U.S. Citizenship and Immigration Services (USCIS) is issuing guidance in the USCIS Policy Manual to address the final rule on the public charge ground of inadmissibility. This policy guidance is effective on February 24, 2020, and will apply to all applicants and petitioners filing applications and petitions for adjustment of status, extension of stay, and change of status, except for applicants and petitioners in the State of Illinois, whose cases will be adjudicated under prior policy, including the 1999 Interim Field Guidance (PDF) and AFM Ch. 61.1. For additional information, see Public Charge Inadmissibility Determinations in Illinois.
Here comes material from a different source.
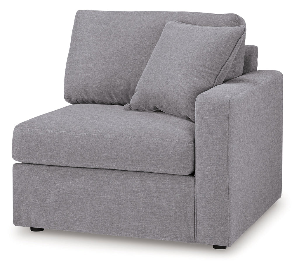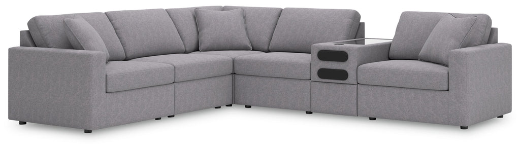 - Includes 6 modular pieces: left-arm facing corner chair, 2 armless chairs, audio console with storage, wedge and right-arm facing corner chair

Certain classes of aliens are exempt from the public charge ground of inadmissibility (such as refugees, asylees, certain VAWA self-petitioners, U petitioners, and T applicants) and therefore, are not subject to the Inadmissibility on Public Charge Grounds final rule. For more information about the classes of aliens who are exempt from the final rule, see the appendices related to applicability.
This technical update replaces all instances of the term “foreign national” with “alien” throughout the Policy Manual as used to refer to a person who meets the definition provided in INA 101(a)(3) [“any person not a citizen or national of the United States”].